■ **Stored entries**:
──────────────────────────────

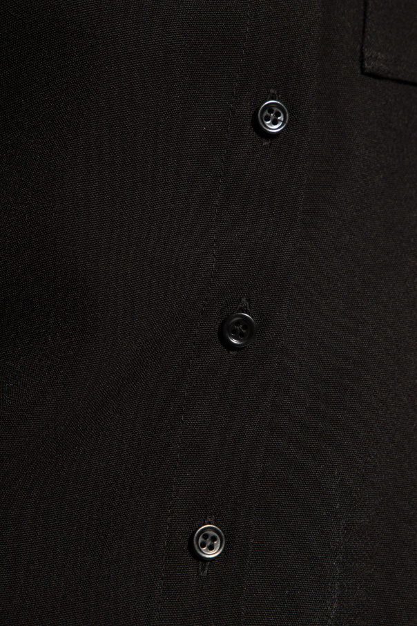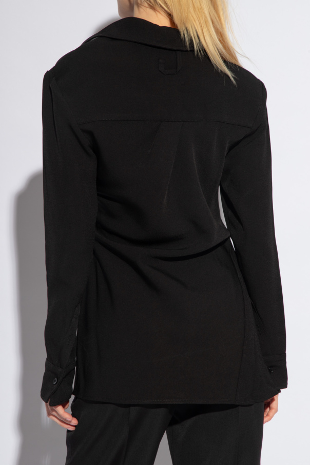 Black ‘Pablo’ shirt from Jacquemus. Cut with an asymmetrical silhouette, this style features a ‘J’ patch on the back, button fastenings, one chest pocket and long sleeves with button cuffs.
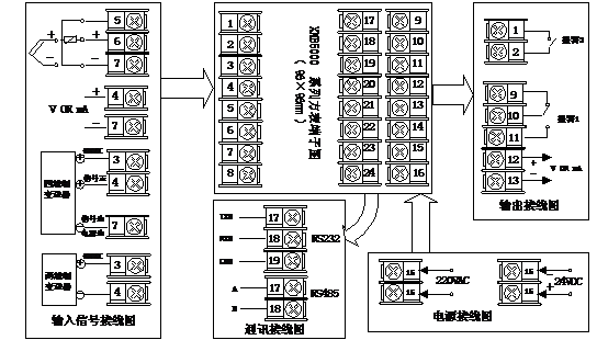 XMB5000系列智能数字显示控制变送仪,带上下限控制报警,4~20mA输入,4~20mA变送输出,显示量程 0-10.00m,160×80mm横表,带24VDC电源输出,带RS232隔离通讯接口
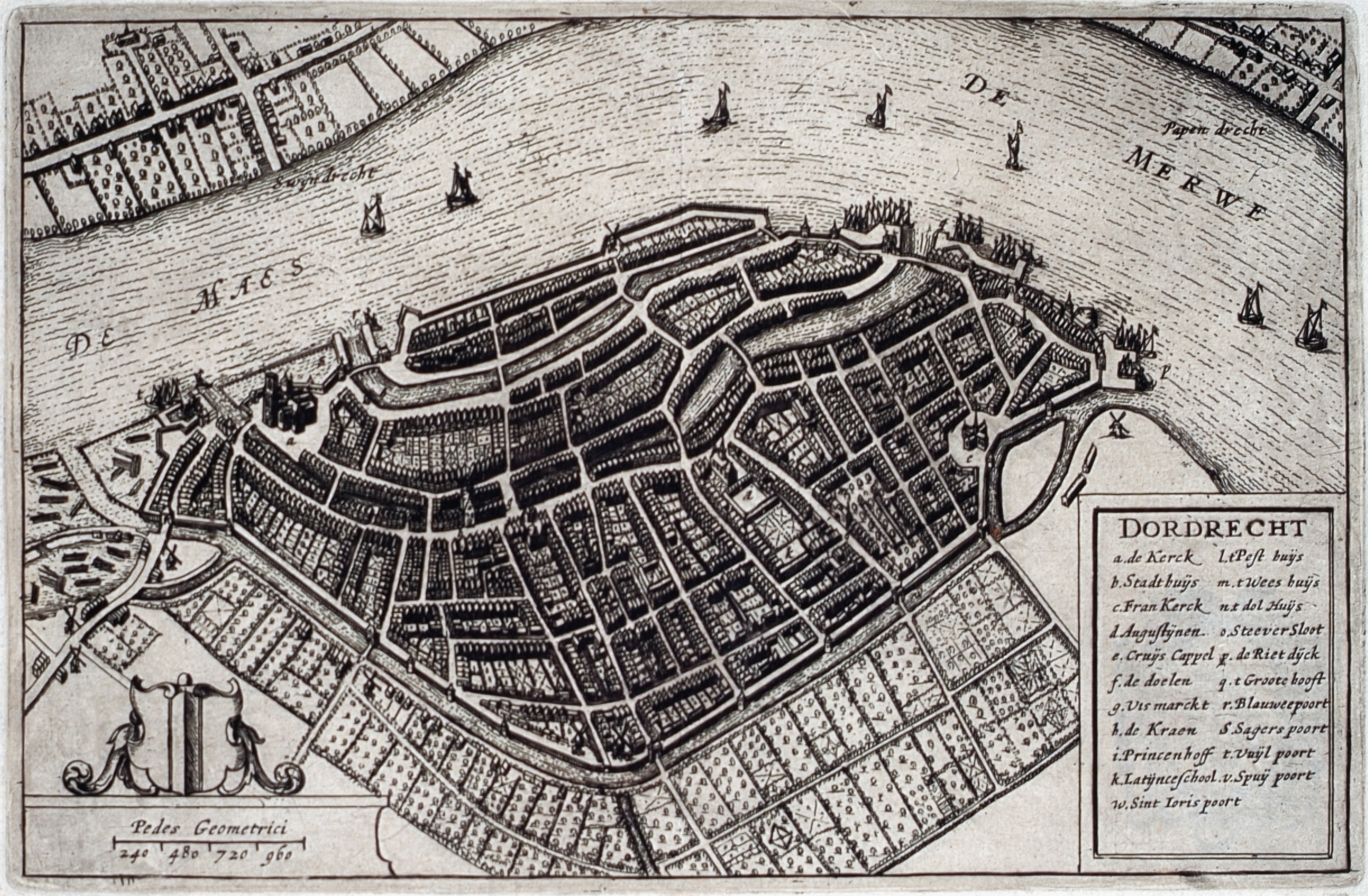 Plan van Dordrecht. Kaart met opschrift: 'Dordrecht'; links onderaan het stedelijk wapen en schaal en rechts de verklaring van de letters a - v
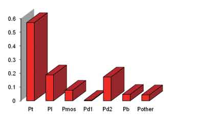 各功率器件的損耗如圖2所示。在圖2中,Pt是原邊變壓器損耗;Pl是輸出濾波電感的損耗;Pmos是MosFET的損耗;Pd1是整流二極管的損耗;Pd2是續(xù)流二極管的損耗;Pother是其他器件的損耗和。
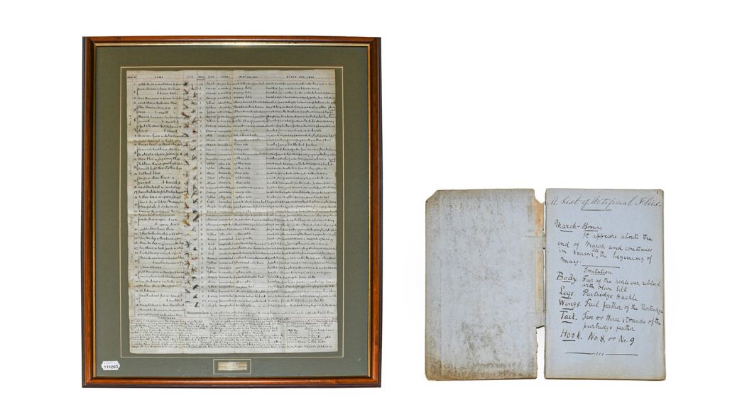Amongst a good offering of fishing equipment in the sale was a Framed List of Artificial Yorkshire Trout Flies, with descriptions of dressings, tying instructions and examples of 36 flies. The frame was mounted with a dedication to J. Todd (1861-1945), Masham, and the lot sold for £950.
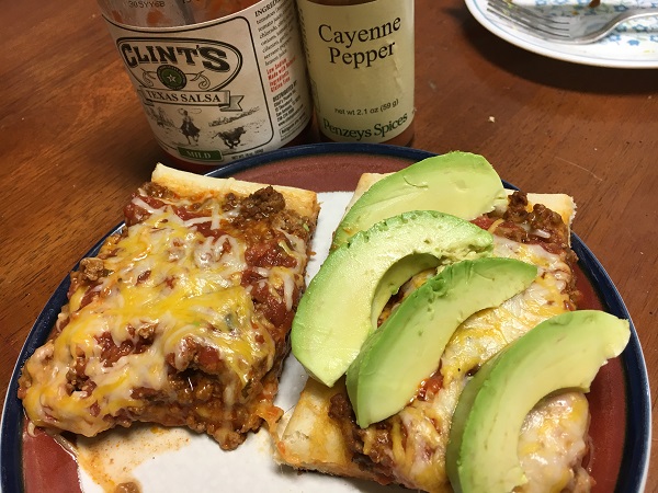 Therefore, Original Brand Name ™ isn’t going to get a shout out. It may not be their fault, but I’ll go ahead and put down the times and temps I actually used, and let the readers tweak as needed for their own ovens. Also, I put refried beans in mainly because I have a picky 5-year-old who was going to need the equivalent of a bean-and-cheese-no-sauce burrito pizza, but I liked the results of adding beans well enough to say they should have been in the original recipe (feel free to leave them out if you disagree). You’ll see the results in the visible line across the surface of the pizza where the flavor leaves off. However, I assume you don’t possess a 5-or-under yourself, and wrote out the instructions below accordingly.

──────────────────────────────

■ **Activity**: The answer must be an exact transcription of the lines from the one holding "Plan van Dordrecht." to the last line of the entries above, with no pictures and nothing else.

■ **Result for this exercise**:
 Plan van Dordrecht. Kaart met opschrift: 'Dordrecht'; links onderaan het stedelijk wapen en schaal en rechts de verklaring van de letters a - v
 各功率器件的損耗如圖2所示。在圖2中,Pt是原邊變壓器損耗;Pl是輸出濾波電感的損耗;Pmos是MosFET的損耗;Pd1是整流二極管的損耗;Pd2是續(xù)流二極管的損耗;Pother是其他器件的損耗和。
Amongst a good offering of fishing equipment in the sale was a Framed List of Artificial Yorkshire Trout Flies, with descriptions of dressings, tying instructions and examples of 36 flies. The frame was mounted with a dedication to J. Todd (1861-1945), Masham, and the lot sold for £950.
 Therefore, Original Brand Name ™ isn’t going to get a shout out. It may not be their fault, but I’ll go ahead and put down the times and temps I actually used, and let the readers tweak as needed for their own ovens. Also, I put refried beans in mainly because I have a picky 5-year-old who was going to need the equivalent of a bean-and-cheese-no-sauce burrito pizza, but I liked the results of adding beans well enough to say they should have been in the original recipe (feel free to leave them out if you disagree). You’ll see the results in the visible line across the surface of the pizza where the flavor leaves off. However, I assume you don’t possess a 5-or-under yourself, and wrote out the instructions below accordingly.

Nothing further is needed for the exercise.